When I have caught the sun I'm in a lot of pain and discomfort, my skin feels like its burning but at the same time I don't like it getting cold or too hot, anywhere I have been exposed swells up - it also zaps my energy and I feel so tired, I tend to lay down with an electric fan blowing cool air on me. My hands have toughened up over the years and they manage to cope with a bit of sun. A couple of years ago I caught the sun pretty bad in October in England and my face scabbed, leaving a few scars.
I have two children, Ryan (13) and Eloise (5) and they don't have this condition, which is great and the only time it affects them is the embarrassment of walking with me and my brolly!

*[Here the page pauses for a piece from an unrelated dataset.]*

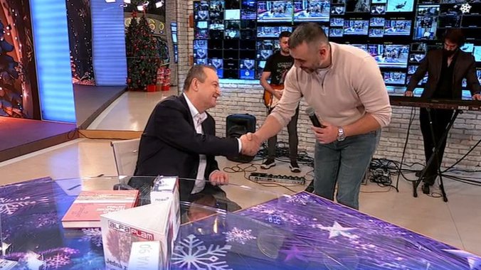 S obzirom da ministar danas slavi rođendan, njemu je na samom početku uručen poklon, ali mu je posvećena i pesma 'Miljacka' koju on često zna i sam da zapeva.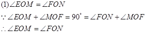 (2)要求∠EON+∠MOF的度数和,结合图形发现角之间的和的关系,显然即是两个直角的和.

I suppose over the years I have learnt to cope with this and being a person 'whose glass is _ full' I always think that there are so many other ailments and problems people have that not being able to go in the sunlight really isn't a big deal.
Haem Arginate Experiences
Detailed below are stories from three patients who regularly receive Haem Arginate treatments.
Robert reports:
"For the first three years I spent most of my time in hospital, then by chance I heard of this new treatment from a patient on another ward. I told my consultant about this and as a result I was treated with Haem Arginate, one a day for four days, whilst hospitalised for about a fortnight. The treatment I had whilst having the attack shortened the length of the time I was having to stay in hospital. Even though I had this treatment in hospital I still had regular attacks every month. This went on for two years. So it was suggested by the consultant that I have Haem Arginate on a weekly basis and have been for the last five years. As a result of this my hospital admissions have been decreased to roughly three a year."
Kim reports:
"I was given Haem Arginate throughout my pregnancy as I was under attack during most of it. As soon as I was taken off it my porphyrin levels would shoot straight back up. To make matters worse, they didn't know what effect it might have on my unborn baby. I had my daughter 4 weeks early and she was quite healthy, without any effect from the Haem Arginate. The day I had my daughter I had one final dose of Haem Arginate and then 2 weeks later I had another 2 attacks. I have it once a week now and I feel great. I have a hickman line in now, as prolonged use of Haem Arginate has caused some problems finding veins for infusions. I know it is expensive but it really does work for me. If I am under attack and I have an infusion, within about 12 hours my pains go away."
Elizabeth reports:
"My experience with Haem arginate has predominantly been a good experience, with many successful outcomes. In my experience it is more successful when used early in an attack, the sooner I get the treatment, the less time I seem to spend in the attack, and the severity of symptoms is often decreased. I am now having a one-dose infusion of Haem arginate once a week in an attempt to prevent attacks which require hospitalisation happening once a month, and sometimes more. It is too early to rate the success of this, but it looks optimistic at the moment.The only real side effect has been vein inflammation and phlebitis, which has led to many veins in my hands and feet becoming unusable after many years regular use. I now have a portacath and so do not have this same problem. Overall, my experience with Haem arginate has been very positive, however, I feel that a high carbohydrate diet and good hydration is necessary to work with the drug and maintain its full effect."